• Recorded data:
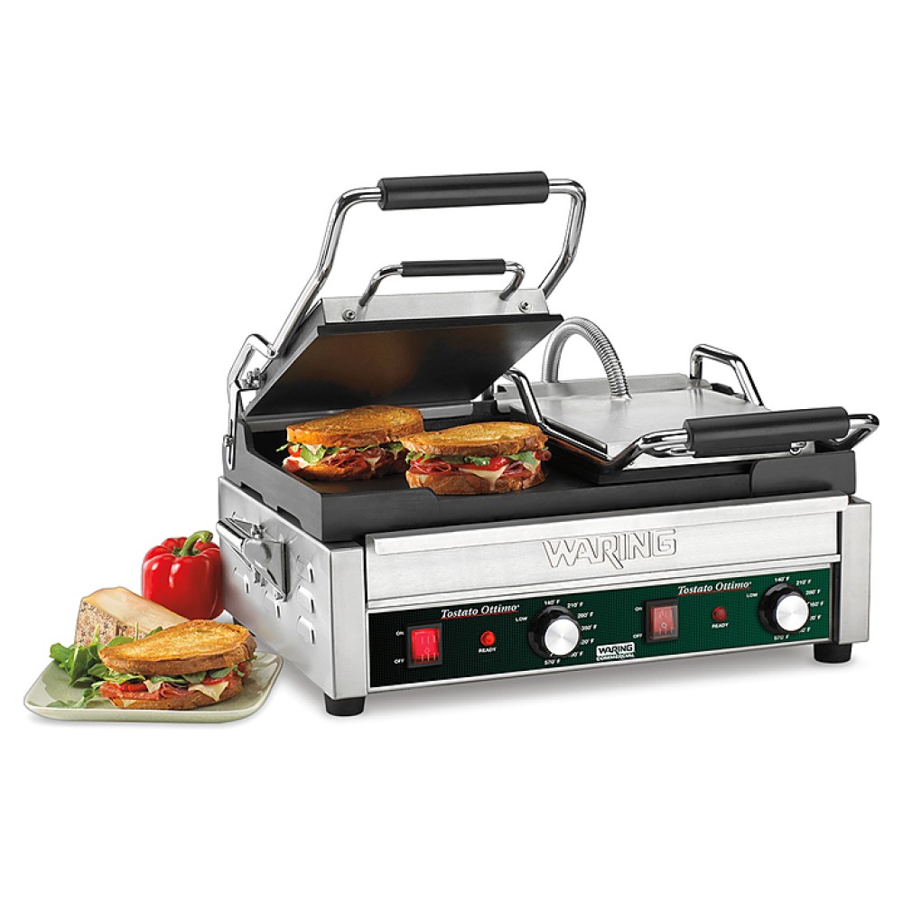 Прижимной гриль Waring WFG300 предназначен для приготовления стейков, гамбургеров и горячих сэндвичей, а также для жарки мяса, птицы, рыбы и овощей на предприятиях общественного питания, торговли и в домашних условиях. Модель оснащена 2 регулируемыми термостатами и съемным лотком для сбора жира, масла и остатков пищи. Корпус выполнен из матовой нержавеющей стали.
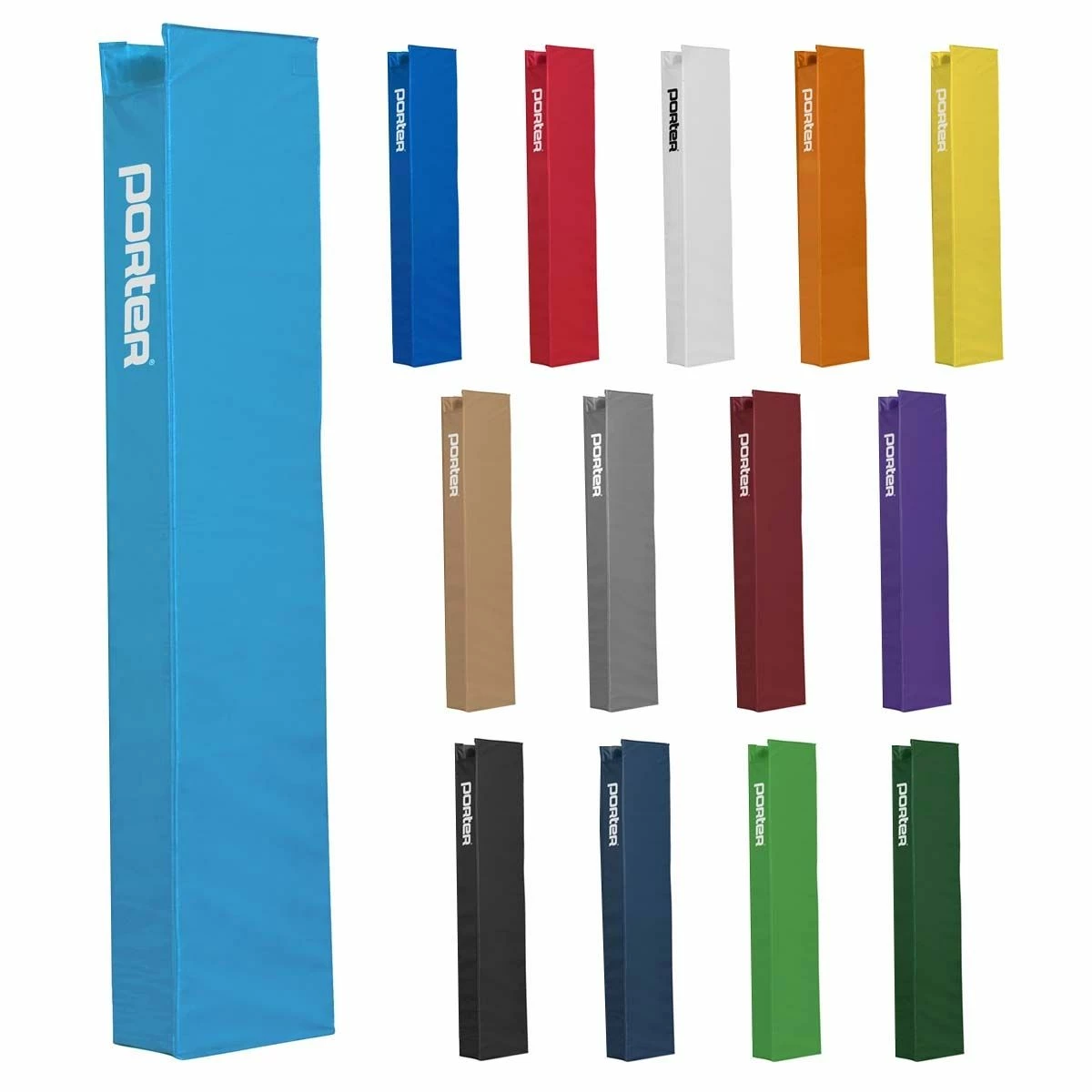 The Powr-Steel 3″ center volleyball standard from Porter allows you to transform your facility into a 2 court, side-by-side layout. With its steel infrastructure and extremely durable frame, this upright is built to last. Made with 3β OD steel, this upright is sleek, strong, and weighs less than 50 lb each. The upright features a telescoping design with a high strength pull pin for easy height adjustment to meet all USAV, NCAA and NFHS requirements for competition. A powder coated finish on the bottom part of the upright provides corrosion resistance. A self-locking worm drive prevents net snap back and loss of tension. The bottom of each upright is equipped with an adjustable rubber foot that protects finished floors when moving the standard. This rubber footing can be height adjusted to accommodate ground sleeves that were installed too deeply. The included upright padding is offered in a variety of colors and can be customized with your team or school logo.
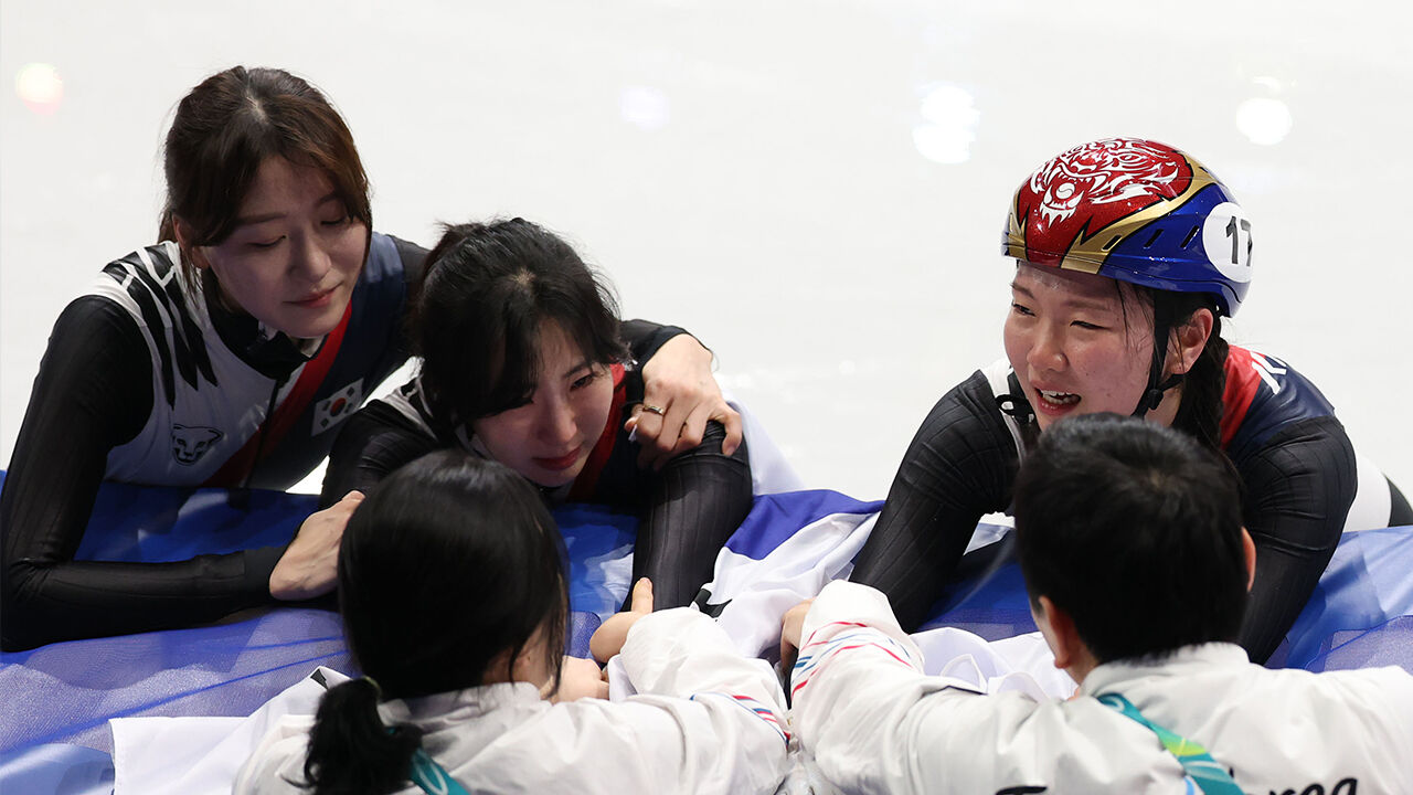 ▲ 18일(현지시간) 2026 밀라노-코르티나담페초 동계올림픽 쇼트트랙 여자 3000m 계주에서 금메달을 따낸 한국대표팀 심석희, 이소연, 노도희가 눈물을 흘리고 있다.
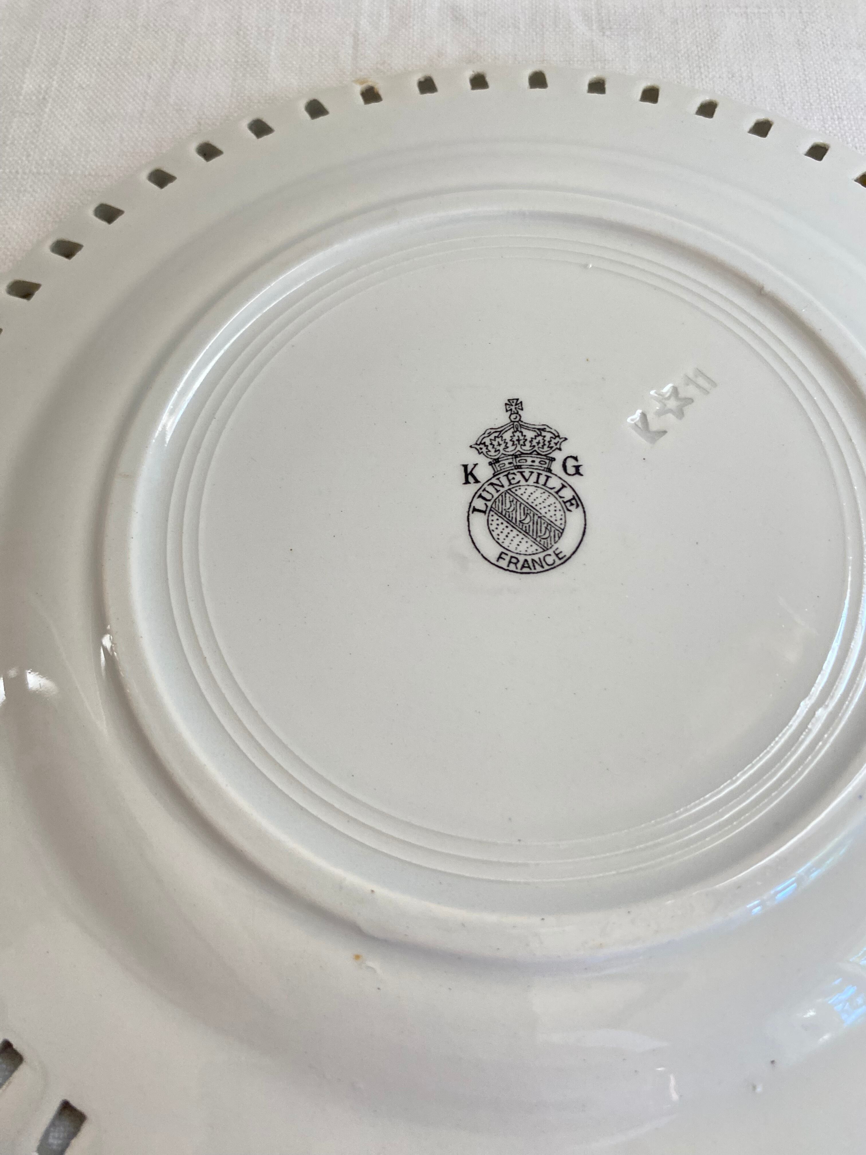 Luneville E バラのパニエプレート パニエプレート フランスアンティーク アンティーク食器 デザートプレート 透かしプレート

• To do:
Nothing but the lines from the one containing "The Powr-Steel 3″" through the last line of the material may appear in the answer, transcribed exactly and with no pictures.

• Answer box:
 The Powr-Steel 3″ center volleyball standard from Porter allows you to transform your facility into a 2 court, side-by-side layout. With its steel infrastructure and extremely durable frame, this upright is built to last. Made with 3β OD steel, this upright is sleek, strong, and weighs less than 50 lb each. The upright features a telescoping design with a high strength pull pin for easy height adjustment to meet all USAV, NCAA and NFHS requirements for competition. A powder coated finish on the bottom part of the upright provides corrosion resistance. A self-locking worm drive prevents net snap back and loss of tension. The bottom of each upright is equipped with an adjustable rubber foot that protects finished floors when moving the standard. This rubber footing can be height adjusted to accommodate ground sleeves that were installed too deeply. The included upright padding is offered in a variety of colors and can be customized with your team or school logo.
 ▲ 18일(현지시간) 2026 밀라노-코르티나담페초 동계올림픽 쇼트트랙 여자 3000m 계주에서 금메달을 따낸 한국대표팀 심석희, 이소연, 노도희가 눈물을 흘리고 있다.
 Luneville E バラのパニエプレート パニエプレート フランスアンティーク アンティーク食器 デザートプレート 透かしプレート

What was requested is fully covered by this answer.